E pare abbia significativamente aggiunto: “Io non sono né falco e né colomba nel Pdl, sono solo di proprietà di Berlusconi…, quello che lui mi dice io faccio.. ”.
Per chiudere il caso, non si può non osservare che queste parole (dette da un senatore della Repubblica Italiana !) esprimono un modo di pensare di un rappresentante dello Stato, dal punto di vista dell'etica politica, estremamente singolare nei confronti del mandato ricevuto dall'elettorato (soggiungo che, da allora, la situazione generale non mi pare migliorata più di tanto). Concetti che, detto tra noi, uno statista di vecchio stampo (di quelli internazionali con la S maiuscola) probabilmente avrebbe provato imbarazzo non a dire, ma al solo pensare. Ma oggi, purtroppo, pare non sia più così, in politica si fa quasi a gara a chi la “spara” più grossa …
Detto ciò vi invito a riflettere che tutte queste situazioni, messe assieme, un po’ alla volta, lentamente, ma inesorabilmente stanno facendo morire questo paese.
Sì, signori: STANNO LETTERALMENTE FACENDO MORIRE QUESTO PAESE.
Se non si darà una decisa sterzata a questo andazzo, l’Italia si troverà tra qualche decennio - ed è un orizzonte che già si riesce ad intravedere in maniera preoccupante - ad essere popolata solo da vecchi (per endogena fisiologia, mentalmente e motivatamente appannati, stanchi) e da giovani ignoranti, gretti, intellettualmente spenti, essendo migrate altrove le “pedine” giovanili più pregiate della scacchiera dove si sta giocando la rilevante partita del Paese.
Questa nazione avrà alla fine, quindi, un tessuto sociale costituito da categorie sociali deboli, per antonomasia, poco competitive (vecchi fiaccati e giovani mal preparati). E sarà un tessuto sociale che diverrà preda, ancor più agevole, di una classe politica famelica, rapace a cui, ovviamente, fa troppo comodo avere sotto di sé persone senza alcuno spirito critico, non raziocinanti che possano mettere significativamente in discussione, in qualche modo, il suo operato ma soprattutto le sue dorate posizioni.
Un operato che, a questo punto, senza il freno critico e regolatore delle idee, della ragione, più in generale della cultura, diverrà sempre più sfrontato ed invadente e ci porterà all’autodistruzione.
Si addiverrà ad una platea sociale, alla fine di questo inesorabile processo, scollata, alla quale basterà semplicemente “dare in pasto” (molto banalmente, per tenerla buona nella pancia, sonnolente, “appaciata” come si usa dire dalle parti mie) un colorato e “sbrilluccicante” smartphone o tablet di ultima generazione su cui poter catalizzare tutte le attenzioni, su cui poter nervosamente “ticchettare” passando le giornate in alienante, solitario conformismo e nel più cupo, indecente e pauroso isolamento intellettuale.

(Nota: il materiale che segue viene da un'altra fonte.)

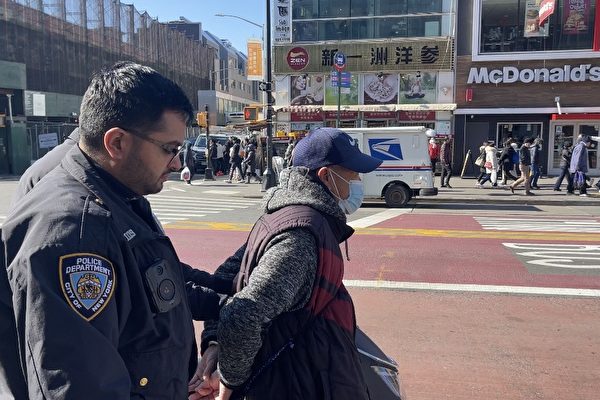 Ngày 18/2/2023, Tề Trung Bình (Qi, Zhongping), kẻ đã tấn công các học viên Pháp Luân Công, lại xuất hiện trên đường phố Flushing. Ông ta lập tức bị cảnh sát bắt giữ, còng tay và đưa lên xe. (Ảnh: Trung tâm Giới thiệu Pháp Luân Công cung cấp)

Un telefonino (ma potrebbe essere un qualunque oggetto, come si dice: “di tendenza” che, in qualche modo, assorba l’attenzione della massa beota) da cui essere opportunisticamente distratti in modo da non vedere ciò che accade nel Paese, a due spanne dal proprio naso, lasciando in questo modo campo finalmente libero a chi porta avanti solo i propri interessi.
Una nazione in ultima istanza che, se guarda al futuro partendo da questi presupposti, se non aprirà finalmente gli occhi, se non metterà infine giudizio, è una nazione che risulterà irrimediabilmente sconfitta con la partita che si gioca con la Storia.